Restate the records in full and exactly, with no images included.

DATASET RECORDS section start

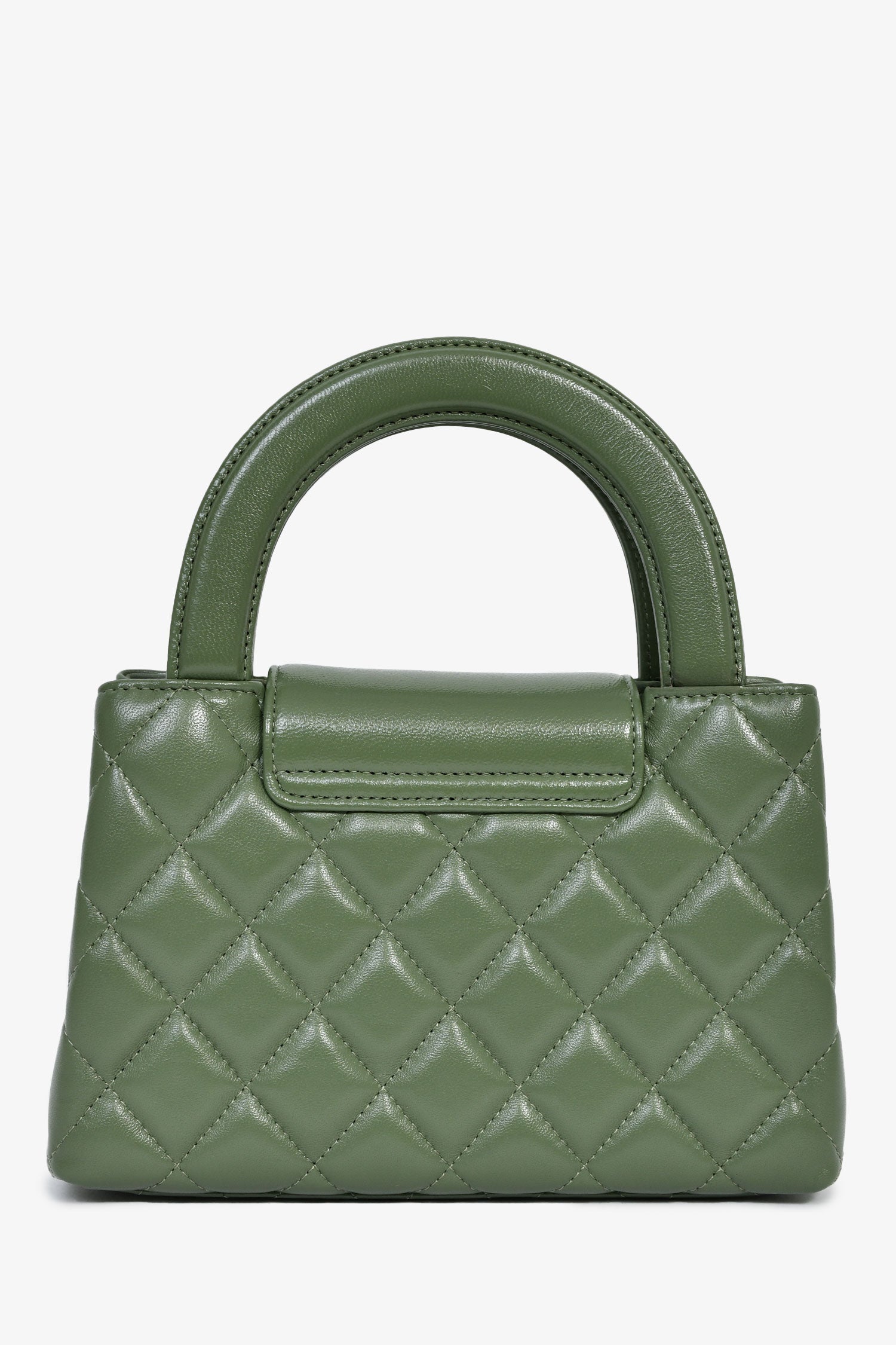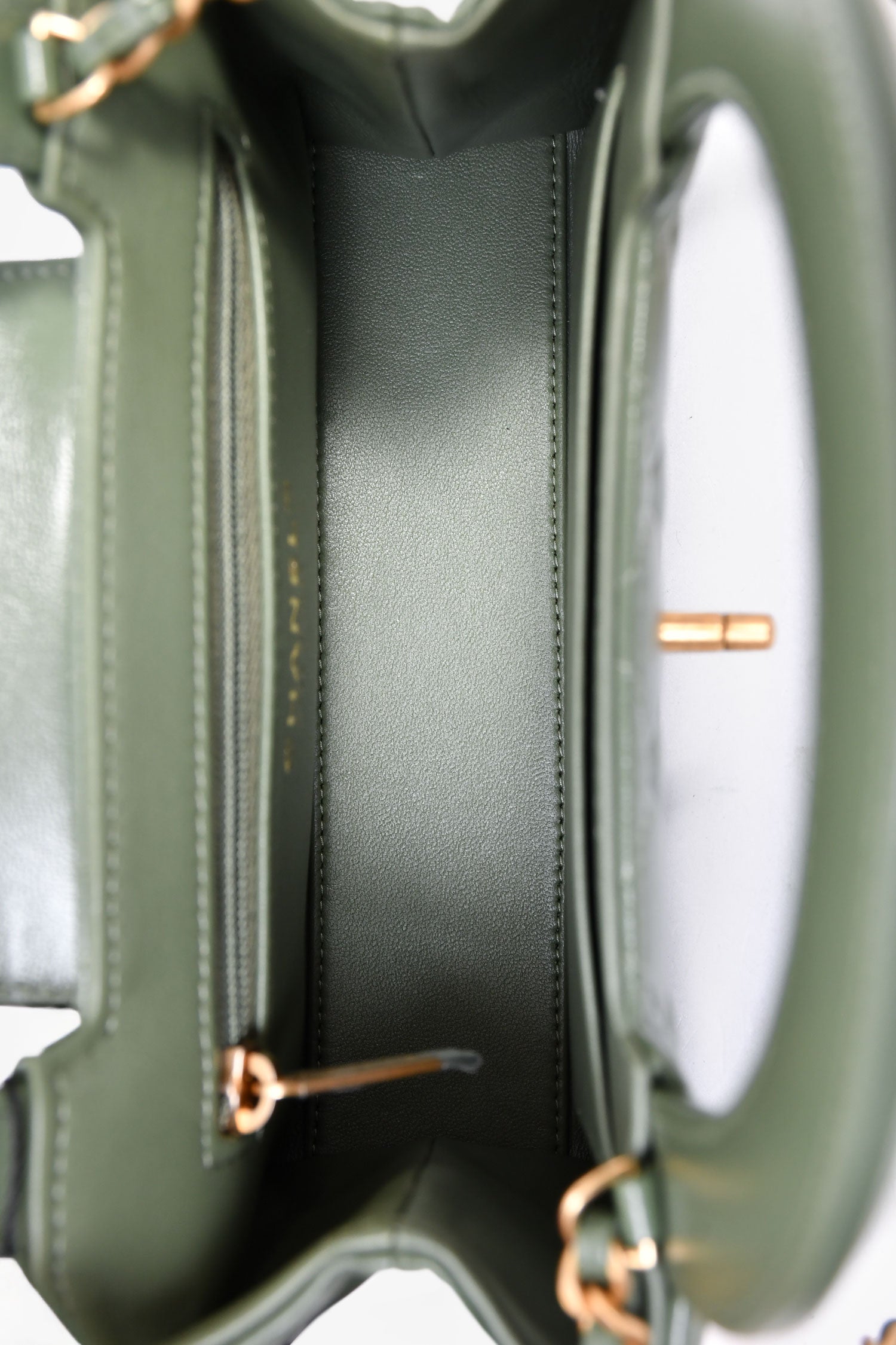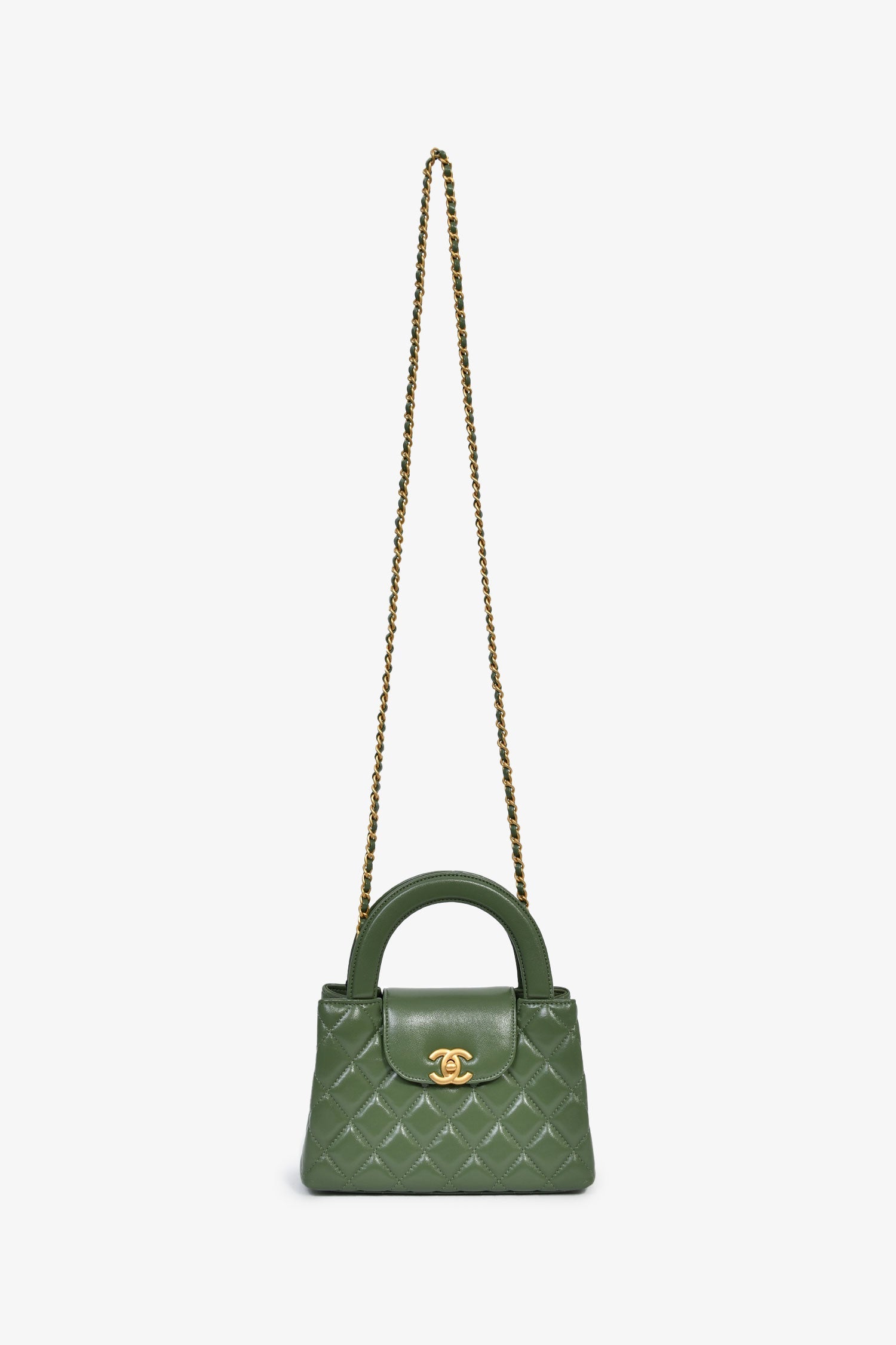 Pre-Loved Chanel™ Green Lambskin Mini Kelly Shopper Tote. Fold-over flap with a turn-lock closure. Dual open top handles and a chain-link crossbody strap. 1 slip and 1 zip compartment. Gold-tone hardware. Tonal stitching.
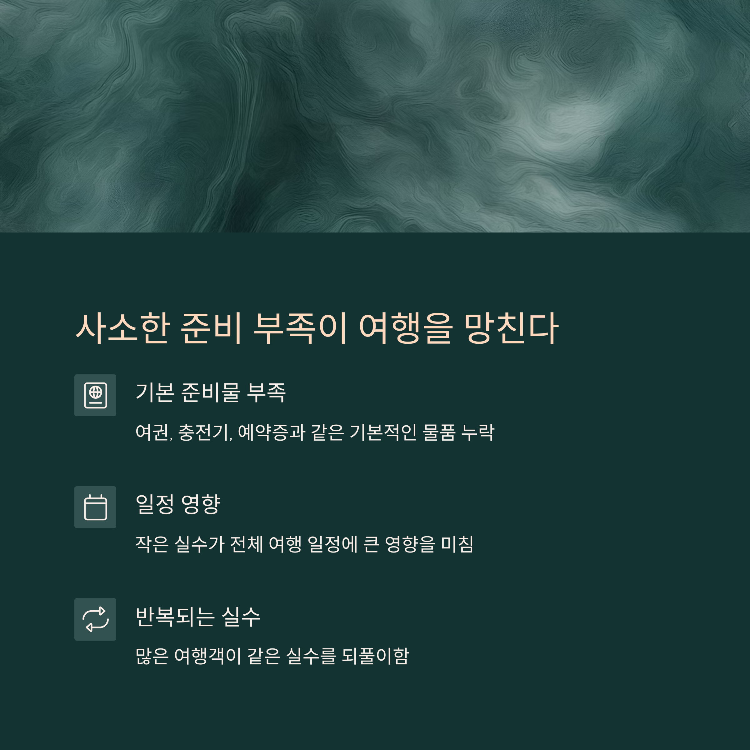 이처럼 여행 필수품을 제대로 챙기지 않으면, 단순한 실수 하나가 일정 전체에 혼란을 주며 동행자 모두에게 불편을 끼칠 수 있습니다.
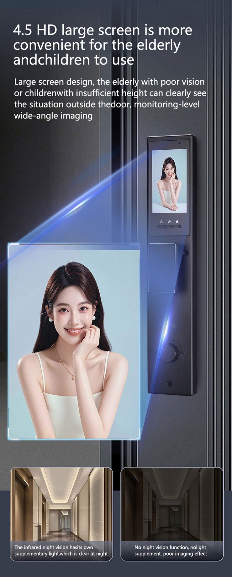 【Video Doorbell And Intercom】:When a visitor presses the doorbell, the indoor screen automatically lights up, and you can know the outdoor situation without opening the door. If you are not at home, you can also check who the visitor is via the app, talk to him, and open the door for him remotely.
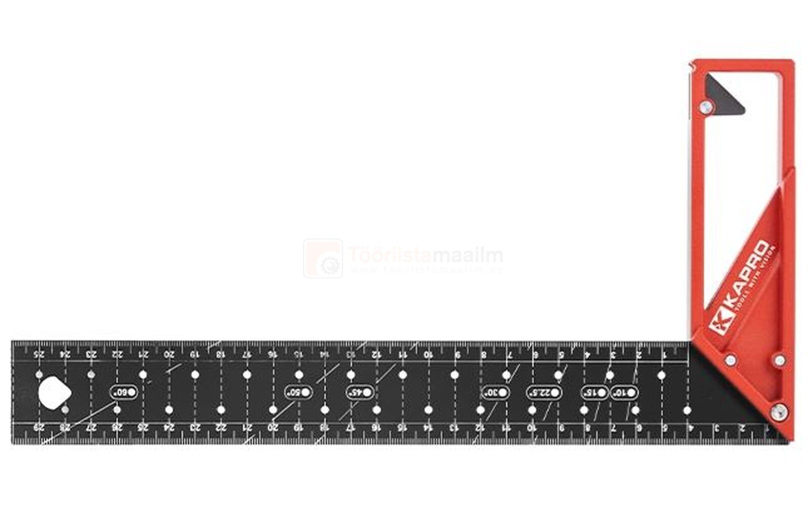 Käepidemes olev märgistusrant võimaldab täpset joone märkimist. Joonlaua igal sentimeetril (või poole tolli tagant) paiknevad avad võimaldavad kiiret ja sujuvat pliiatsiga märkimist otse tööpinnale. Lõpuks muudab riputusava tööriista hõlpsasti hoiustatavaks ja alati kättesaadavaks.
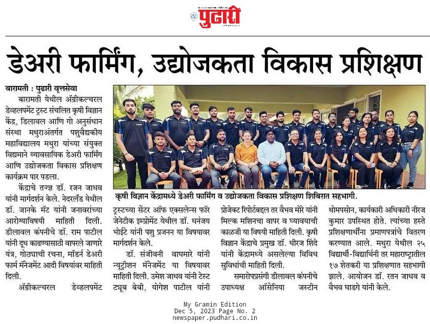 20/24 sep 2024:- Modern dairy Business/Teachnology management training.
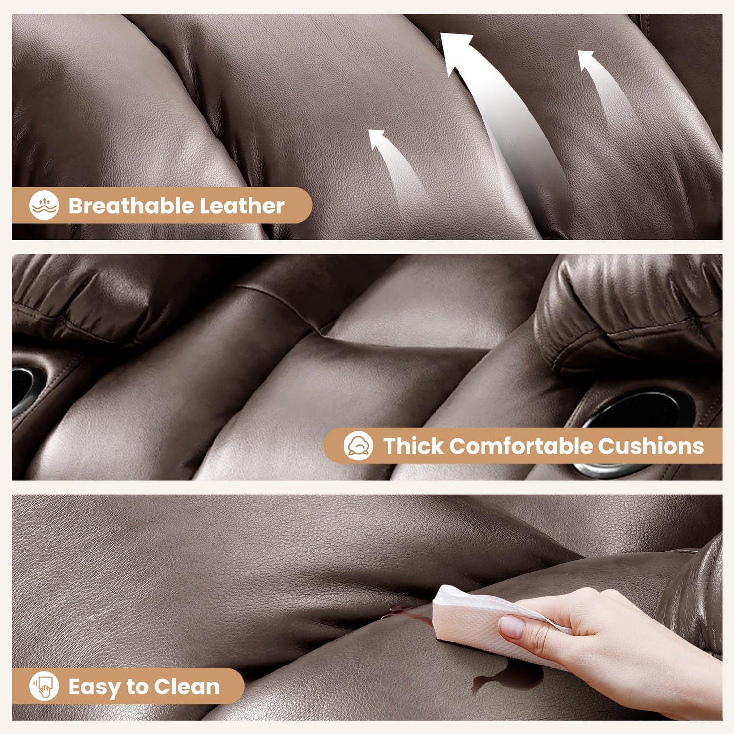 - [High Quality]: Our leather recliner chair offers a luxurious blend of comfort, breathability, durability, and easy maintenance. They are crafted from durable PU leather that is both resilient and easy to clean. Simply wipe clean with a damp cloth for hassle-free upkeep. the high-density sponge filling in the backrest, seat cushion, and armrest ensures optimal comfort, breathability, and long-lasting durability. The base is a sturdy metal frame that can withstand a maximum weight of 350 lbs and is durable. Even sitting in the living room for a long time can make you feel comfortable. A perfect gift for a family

DATASET RECORDS section end

▸ **SOLVED PROBLEM**
 Pre-Loved Chanel™ Green Lambskin Mini Kelly Shopper Tote. Fold-over flap with a turn-lock closure. Dual open top handles and a chain-link crossbody strap. 1 slip and 1 zip compartment. Gold-tone hardware. Tonal stitching.
 이처럼 여행 필수품을 제대로 챙기지 않으면, 단순한 실수 하나가 일정 전체에 혼란을 주며 동행자 모두에게 불편을 끼칠 수 있습니다.
 【Video Doorbell And Intercom】:When a visitor presses the doorbell, the indoor screen automatically lights up, and you can know the outdoor situation without opening the door. If you are not at home, you can also check who the visitor is via the app, talk to him, and open the door for him remotely.
 Käepidemes olev märgistusrant võimaldab täpset joone märkimist. Joonlaua igal sentimeetril (või poole tolli tagant) paiknevad avad võimaldavad kiiret ja sujuvat pliiatsiga märkimist otse tööpinnale. Lõpuks muudab riputusava tööriista hõlpsasti hoiustatavaks ja alati kättesaadavaks.
 20/24 sep 2024:- Modern dairy Business/Teachnology management training.
 - [High Quality]: Our leather recliner chair offers a luxurious blend of comfort, breathability, durability, and easy maintenance. They are crafted from durable PU leather that is both resilient and easy to clean. Simply wipe clean with a damp cloth for hassle-free upkeep. the high-density sponge filling in the backrest, seat cushion, and armrest ensures optimal comfort, breathability, and long-lasting durability. The base is a sturdy metal frame that can withstand a maximum weight of 350 lbs and is durable. Even sitting in the living room for a long time can make you feel comfortable. A perfect gift for a family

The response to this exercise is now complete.